### [Input data]
* * * * *

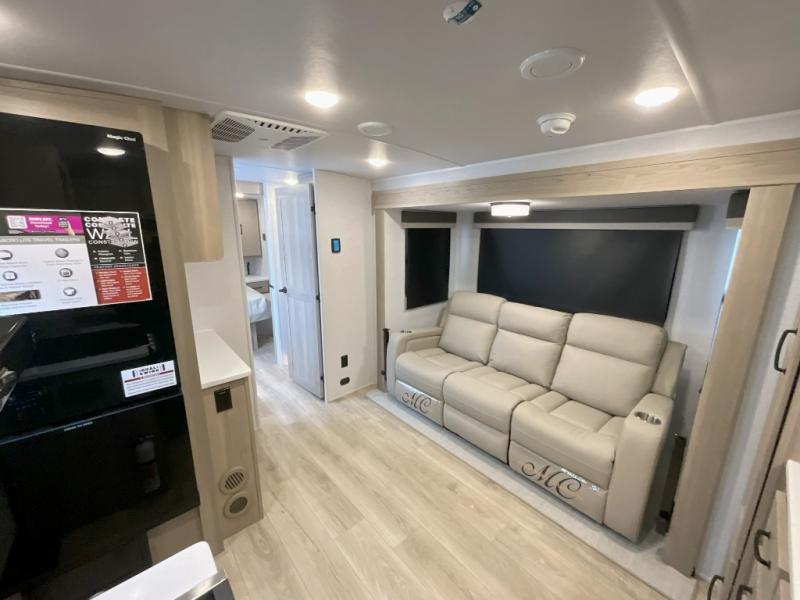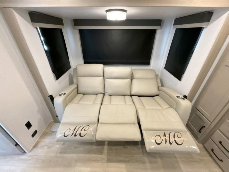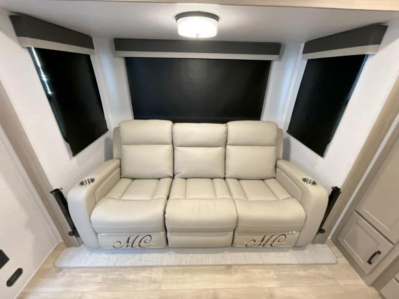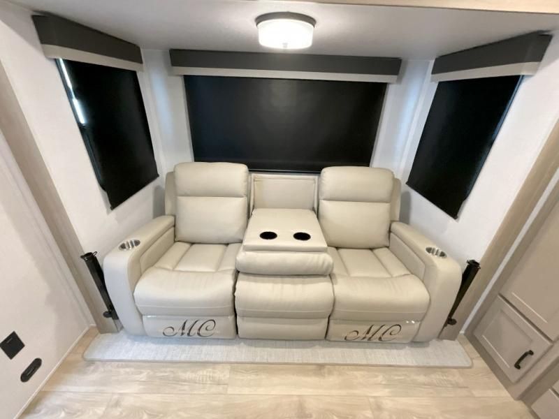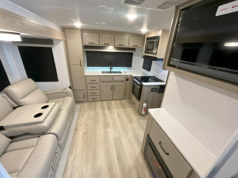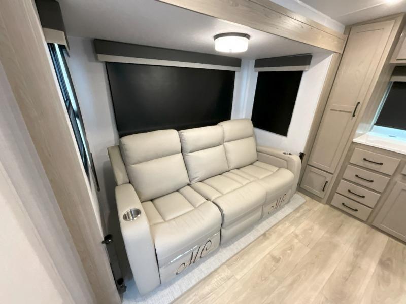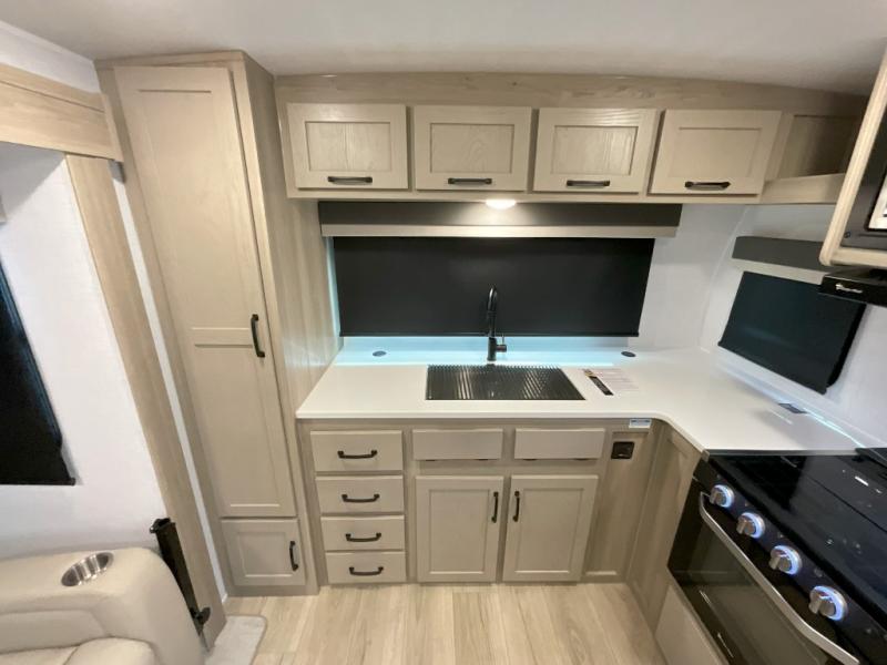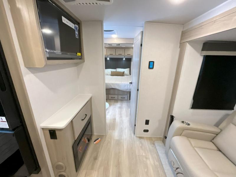 With dual entry doors and a front kitchen with generous counter space, this trailer is perfect for weekends at the campground! When you don't feel like cooking indoors, there is an exterior griddle and a 19' power awning to give you some shade. A U-shaped dinette slides provides more floor space inside, and it's in great view of the TV and fireplace. You'll find that the walk-thru bath is easily accessible, and the rear master bedroom will feel just like home with its RV queen bed and flip-up storage!
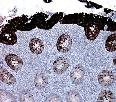 | Tissue Specificity: | Expressed predominantly in the intestinal epithelium. Expressed in luminal cells of colonic mucosa. Also expressed in the Merkel cells of keratinized oral mucosa; specifically at the tips of some rete ridges of the gingival mucosa, in the basal layer of the palatal mucosa and in the taste buds of lingual mucosa. |
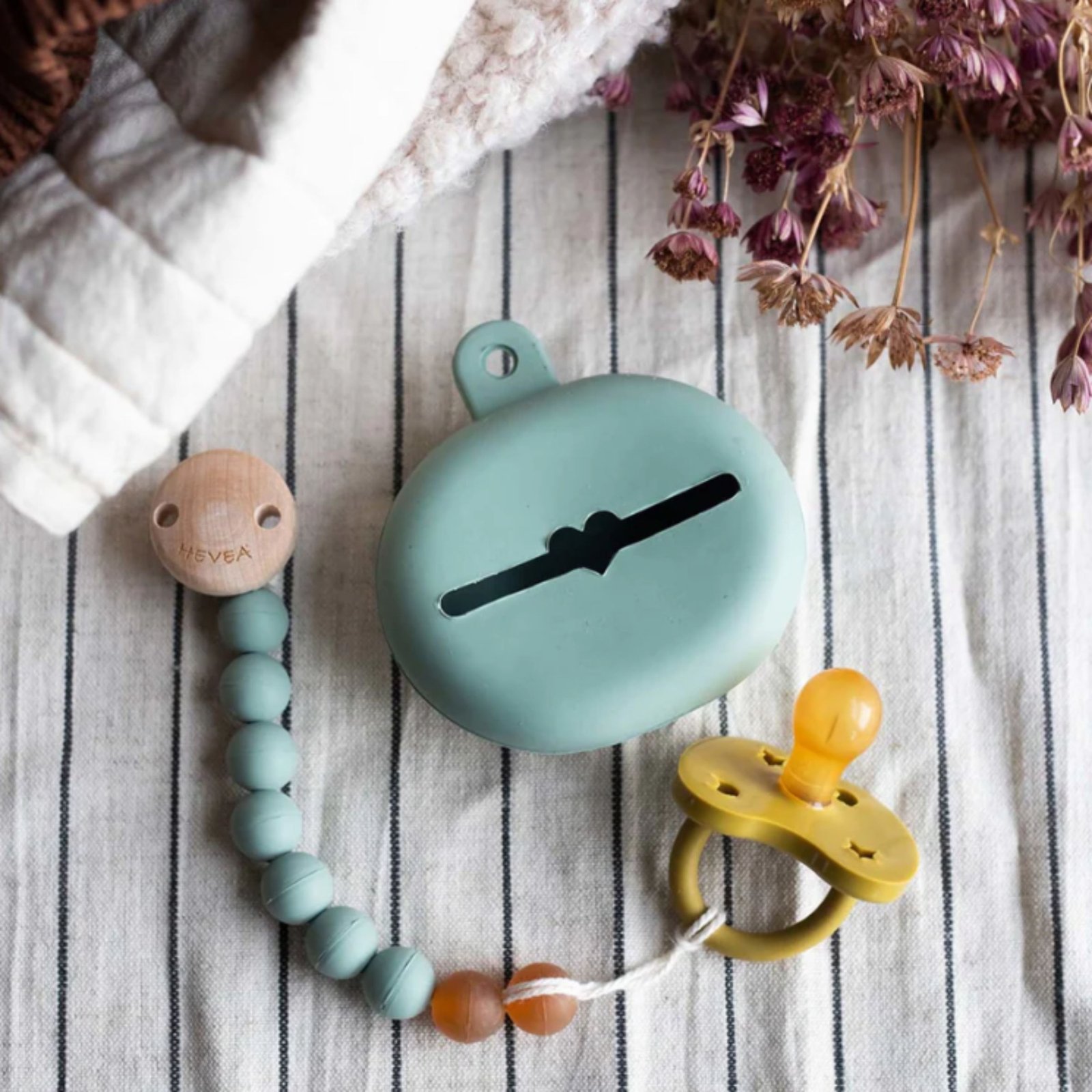 Laikiklis su užsegimu tinka čiulptukams, kramtukams bei kitiems mažylių daiktams prisegti. Tai ne tik patogus, įdomus, bet ir stilingas mažylių aksesuaras. Šio laikiklio pagrindinis akcentas rankų darbo nertas meškutis. Taip pat naudojami: silikoniniai ir mediniai karoliukai bei metalinis užsegimas.
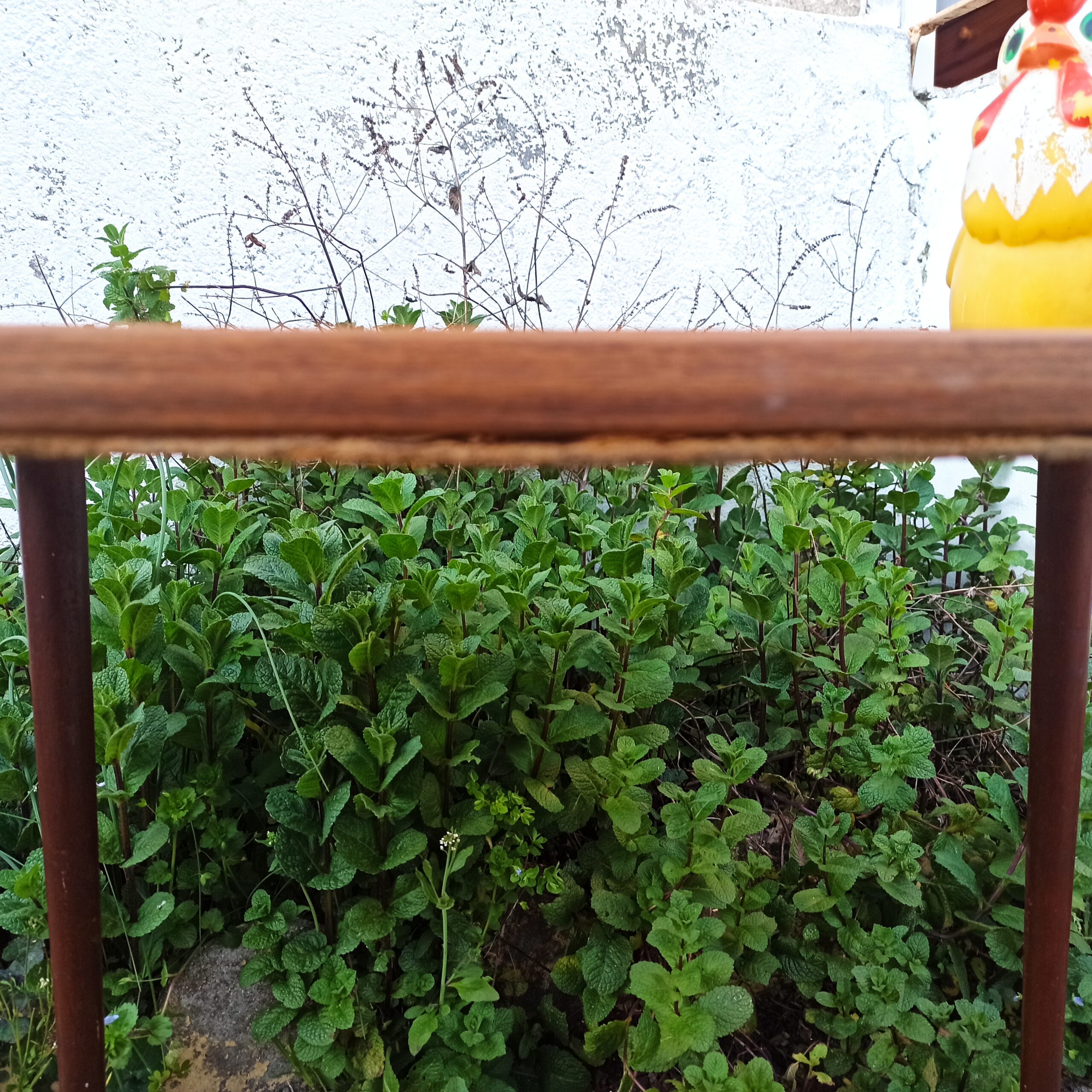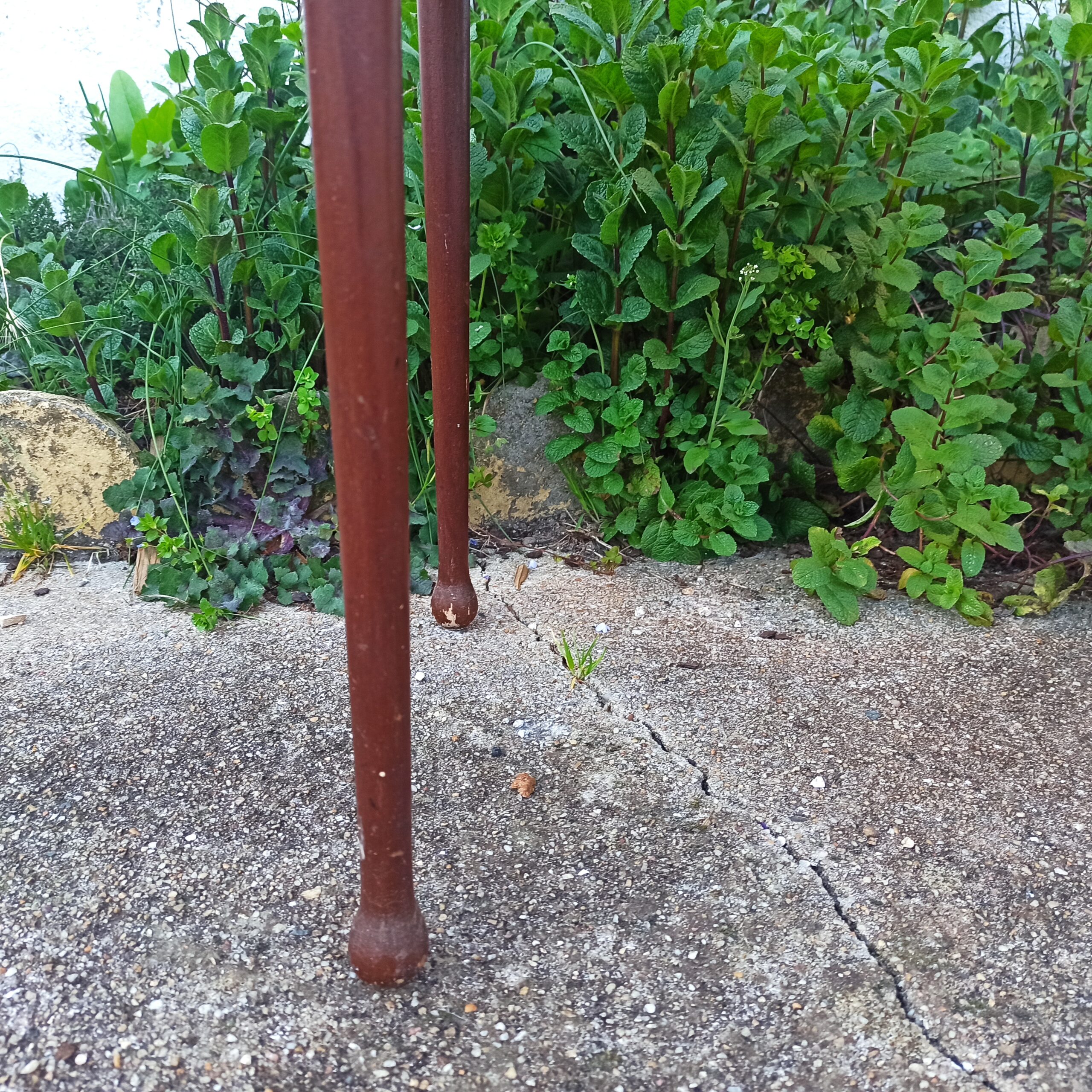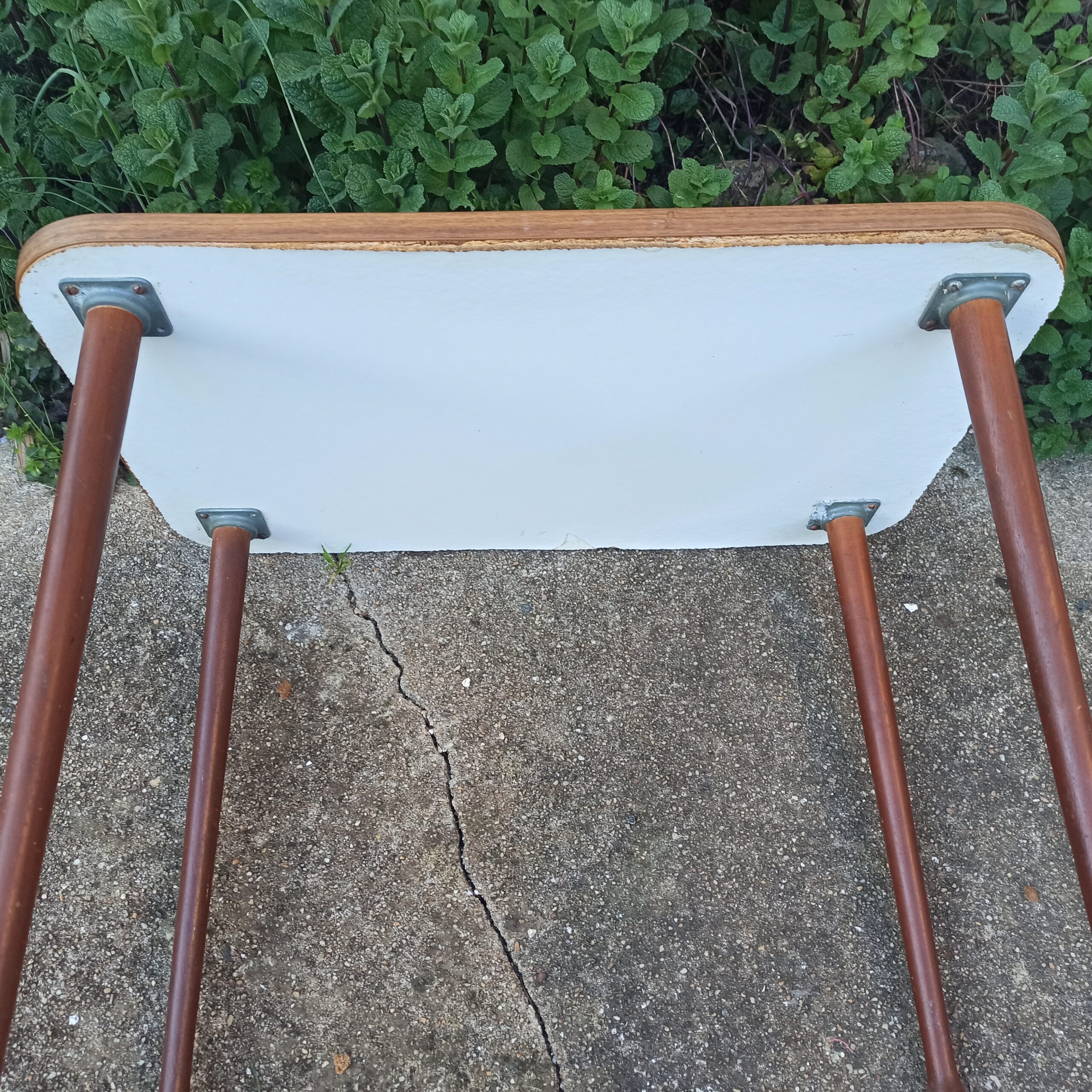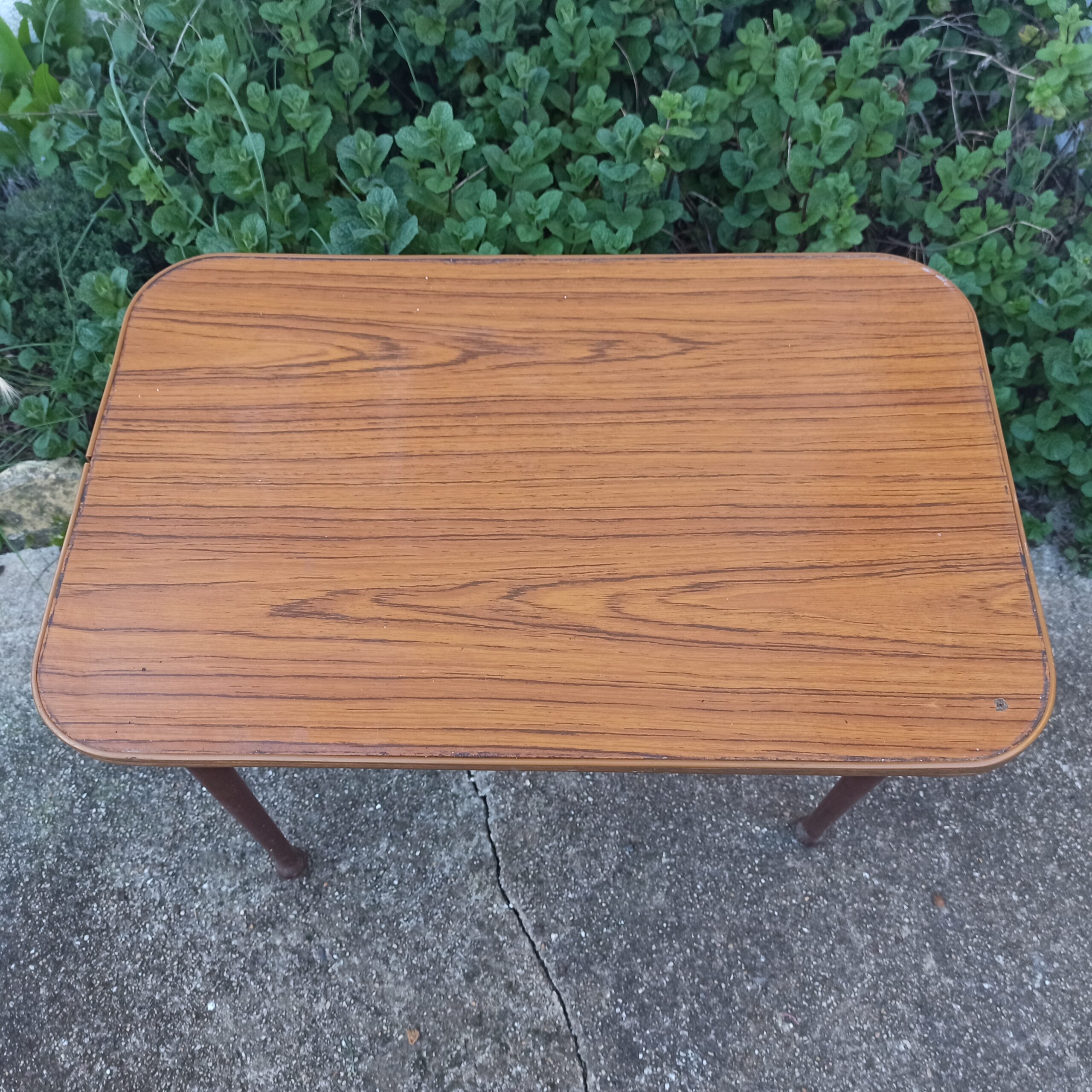 Petite table en bois et placage formica marron. Pieds en bois, bouts arrondis. Marques du temps. Hauteur 43. Largeur 36. Longueur 56.

* * * * *

### [Problem statement]
Could you set down the data exactly as given, minus its pictures?

### [Written answer]
 With dual entry doors and a front kitchen with generous counter space, this trailer is perfect for weekends at the campground! When you don't feel like cooking indoors, there is an exterior griddle and a 19' power awning to give you some shade. A U-shaped dinette slides provides more floor space inside, and it's in great view of the TV and fireplace. You'll find that the walk-thru bath is easily accessible, and the rear master bedroom will feel just like home with its RV queen bed and flip-up storage!
 | Tissue Specificity: | Expressed predominantly in the intestinal epithelium. Expressed in luminal cells of colonic mucosa. Also expressed in the Merkel cells of keratinized oral mucosa; specifically at the tips of some rete ridges of the gingival mucosa, in the basal layer of the palatal mucosa and in the taste buds of lingual mucosa. |
 Laikiklis su užsegimu tinka čiulptukams, kramtukams bei kitiems mažylių daiktams prisegti. Tai ne tik patogus, įdomus, bet ir stilingas mažylių aksesuaras. Šio laikiklio pagrindinis akcentas rankų darbo nertas meškutis. Taip pat naudojami: silikoniniai ir mediniai karoliukai bei metalinis užsegimas.
 Petite table en bois et placage formica marron. Pieds en bois, bouts arrondis. Marques du temps. Hauteur 43. Largeur 36. Longueur 56.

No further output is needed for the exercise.